In 2022, the Executive Committee of the Yangtze River Delta Integration Development Demonstration Zone, together with the governments of Shanghai’s Qingpu district, Jiangsu’s Wujiang district and Zhejiang’s Jiashan county, issued an action plan on achieving common prosperity in the Yangtze River Delta Ecological Green Integrated Development Demonstration Zone, the first cross-provincial plan of its kind in China.
According to the plan, the per capita GDP in the zone is expected to reach 150,000 yuan, and the income gap between urban and rural residents should be no more than 1.8 by 2025. The per capita disposable income of residents is targeted to reach 80,000 yuan.
The action plan sets 26 goals in six areas, including high-quality economic development, ecological progress, and regional urban-rural integration.

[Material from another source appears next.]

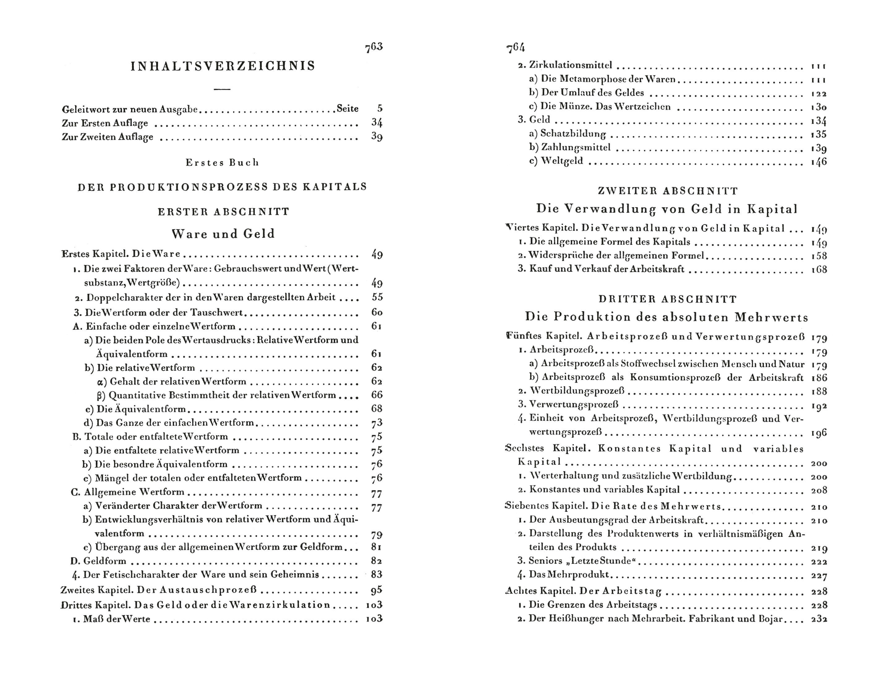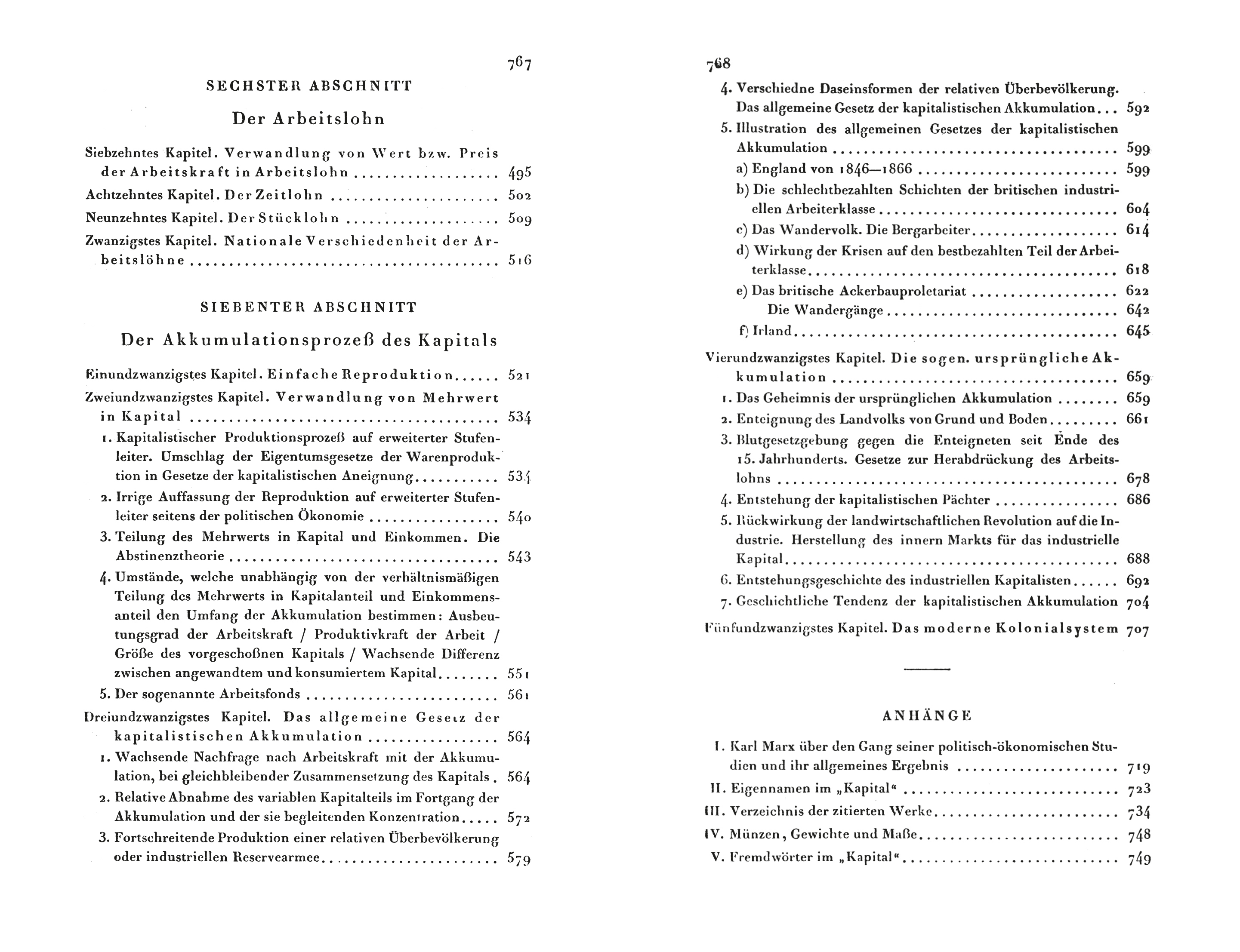 INHALTSVERZEICHNIS Geleitwort zur neuen Ausgabe, 5 Zur Ersten Auflage, 34 Zur Zweiten Auflage, 39 Erstes Buch DER PRODUKTIONSPROZESS DES KAPITALS ERSTER ABSCHNITT Ware und Geld Erstes Kapitel. Die Ware, 49 1.Die zwei Faktoren der Ware: Gebrauchswert und Wert (Wertsubstanz, Wertgröße), 49 2.Doppelcharakter der in den Waren dargestellten Arbeit, 55 3.Die Wertform oder der Tauschwert, 60 A. Einfache oder einzelne Wertform, 61 a)Die beiden Pole desWertausdrucks: Relative Wertform und Äquivalentform, 61 b)Die relative Wertform, 62 ) Gehalt der relativen Wertform, 62 ) Quantitative Bestimmtheit der relativen Wertform, 66 c)Die Äquivalentform, 68 d)Das Ganze der einfachen Wertform, 73 B. Totale oder entfaltete Wertform, 75 a)Die entfaltete relative Wertform, 75 b)Die besondre Äquivalentform, 76 c)Mängel der totalen oder entfalteten Wertform, 76 C. Allgemeine Wertform, 77 a)Veränderter Charakter derWertform77 b)Entwicklungsverhältnis von relativer Wertform und Äquivalentform, 79 c)Übergang aus der allgemeinen Wertform zur Geldform, 81 D. Geldform, 82 4.Der Fetischcharakter der Ware und sein Geheimnis, 83 Zweites Kapitel. Der Austauschprozeß, 95 Drittes Kapitel. Das Geld oder die Warenzirkulation, 103 1. Maß der Werte, 103 2 Zirkulationsmittel, 111 a)Die Metamorphose der Waren, 111 b)Der Umlauf des Geldes, 122 c)Die Münze. Das Wertzeichen, 1 30 3. Geld, 134 a)Schatzbildung, 135 b)Zahlungsmittel, 139 c)Weltgeld, 146 ZWEITER ABSCHNITT Die Verwandlung von Geld in Kapital Viertes Kapitel. Die Verwandlung von Geld in Kapital, 149 1.Die allgemeine Formel des Kapitals, 149 2.Widersprüche der allgemeinen Formel, 158 3.Kauf und Verkauf der Arbeitskraft, 168 DRITTER ABSCHNITT Die Produktion des absoluten Mehrwerts Fünftes Kapitel. Arbeitsprozeß und Verwertungsprozeß, 179 1.Arbeitsprozeß, 179 a)Arbeitsprozeß als Stoffwechsel zwischen Mensch und Natur, 179 b)Arbeitsprozeß als Konsumtionsprozeß derArbeitskraft, 186 2.Wertbildungsprozeß, 188 3.Verwertungsprozeß, 192 4.Einheit von Arbeitsprozeß, Wertbildungsprozeß und Verwertungsprozeß, 196 Sechstes Kapitel. Konstantes Kapital und variables Kapital, 200 1.Werterhaltung und zusätzliche Werbildung, 200 2.Konstantes und variables capital, 208 Siebentes Kapitel. Die Rate des Mehrwerts, 210 1.Der Ausbeutungsgrad der Arbeitskraft, 210 2.Darstellung des Produktenwerts in verhältnismäßigen Anteilen des Produkts, 219 3.Seniors Letzte Stunde, 222 4.Das Mehrprodukt, 227 Achtes Kapitel. Der Arbeitstag, 228 1.Die Grenzen des Arbeitstags, 228 2.Der Heißhunger nach Mehrarbeit. Fabrikant und Bojar, 232 3.Englische lndustriezweige ohne gesetzliche Schranke der Ausbeutung, 239 4.Tag- und Nachtarbeit. Das Ablösungssystem, 251 5.Der Kampf um den Normalarbeitstag. Zwangsgesetze zur Verlängerung des Arbeitstags von der Mitte des 14. bis zu Ende des 17. Jahrhunderts, 258 6.Der Kampf um den Normalarbeitstag. Zwangsgesetzliche Beschränkung der Arbeitszeit. Die englische Fabrikgesetzgebung von 1833-64, 269 7.Der Kampf um den Normalarbeitstag. Rückwirkung der englischen Fabrikgesetzgebung auf andre Länder.288 Neuntes Kapitel. Rate und Masse des Mehrwerts, 292 VIERTER ABSCHNITT Die Produktion des relativen Mehrwerts Zehntes Kapitel. Begriff des relativen Mehrwerts, 301 Elftes Kapitel. Kooperation, 309 Zwölftes Kapitel. Teilung der Arbeit und Manufaktur, 323 1.Doppelter Ursprung der Manufaktur, 323 2.Der Teilarbeiter und sein Werkzeug, 325 3.Die beiden Grundformen der Manufaktur -mechanisch zusammenfügende Manufaktur und ·organisch verbindende Manufaktur, 328 4.Teilung der Arbeit innerhalb der Manufaktur und Teilung der Arbeit innerhalb der Gesellschaft, 337 5.Der kapitalistische Charakter der Manufaktur, 345 Dreizehntes Kapitel. Maschinerie und große Industrie, 354 1.Entwicklung der Maschinerie, 354 2.Wertabgabe der Maschinerie an das Produkt, 369 3.Nächste Wirkungen des maschinenmäßigen Betriebs auf den Arbeiter, 376 a)Aneignung zuschüssiger Arbeitskräfte durch das Kapital. Weiber- und Kinderarbeit, 377 b)Verlängerung des Arbeitstags, 384 c)Intensivierung der Arbeit, 389 4.Die Fabrik, 400 5.Kampf zwischen Arbeiter und Maschine, 406 6.Die Kompensationstheorie bezüglich der durch Maschinerie verdrängten Arbeiter, 415 7.Abstoßung und Anziehung von Arbeitern mit Entwicklung des Maschinenbetriebs. Krisen der Baumwollindustrie, 424 Schicksale der englischen Baumwollindustrie, 430 8.Revolutionierung von Manufaktur, Handwerk und Hausarbeit durch die große Industrie, 435 a)Aufhebung der auf Handwerk und Teilung der Arbeit beruhenden Kooperation, 435 b)Rückwirkung des Fabrikwesens auf Manufaktur und Hausarbeit, 437 c)Die moderne Manufaktur, 438 d)Die moderne Hausarbeit, 441 e)Übergang der modernen Manufaktur und Hausarbeit zur großen Industrie. Beschleunigung dieser Revolution durch Anwendung der Fabrikgesetze auf jene Betriebsweisen, 446 9.Fabrikgesetzgebung, 455 a)Gesundheits- und Erziehungsklauseln, 455 b)Verallgemeinerung der Fabrikgesetzgebung, 464 10.Große Industrie und Ackerbau, FÜNFTER ABSCHNITT Die Produktion des absoluten und relative Mehrwerts Vierzehntes Kapitel. Absoluter und relative Mehrwert, 473 Fünfzehntes Kapitel.Größenwechsel von Preis der Arbeitskraft und Mehrwert, 481 I.Größe des Arbeitstags und Intensität der Arbeit konstant , Produktivkraft der Arbeit variable, 481 II.Konstanter Arbeitstag, konstante Produktivkraft der Arbeit, Intensität der Arbeit variable, 485 III.Produktivkraft und Intensität der Arbeit konstant, Arbeitstag variabel, 486 IV.Gleichzeitige Variationen in Dauer, Produktivkraft und Intensität der Arbeit, 488 Sechzehntes Kapitel. Verschiedne Formeln für die Rate des Mehrwerts, 491 SECHSTER ABSCHNITT Der Arbeitslohn Siebzehntes Kapitel. Verwandlung von Wert bzw. Preis der Arbeitskraft in Arbeitslohn, 495 Achtzehntes Kapitel. Der Zeitlohn, 502 Neunzehntes Kapitel. Der Stücklohn, 509 Zwanzigstes Kapitel. Nationale Verschiedenheit der Arbeitslöhne, 516 SIEBENTER ABSCHNITT Der Akkumulationsprozeß d

“The introduction of the action plan has left a strong mark on the blueprint for common prosperity in the Yangtze River Delta, and broken the provincial and municipal boundaries in achieving common prosperity. It explores new paths to shared development in the Yangtze River Delta with a broader perspective and in a greater space,” said Zhou Haiwang, deputy director of the Institute of Urban and Demographic Studies, Shanghai Academy of Social Sciences.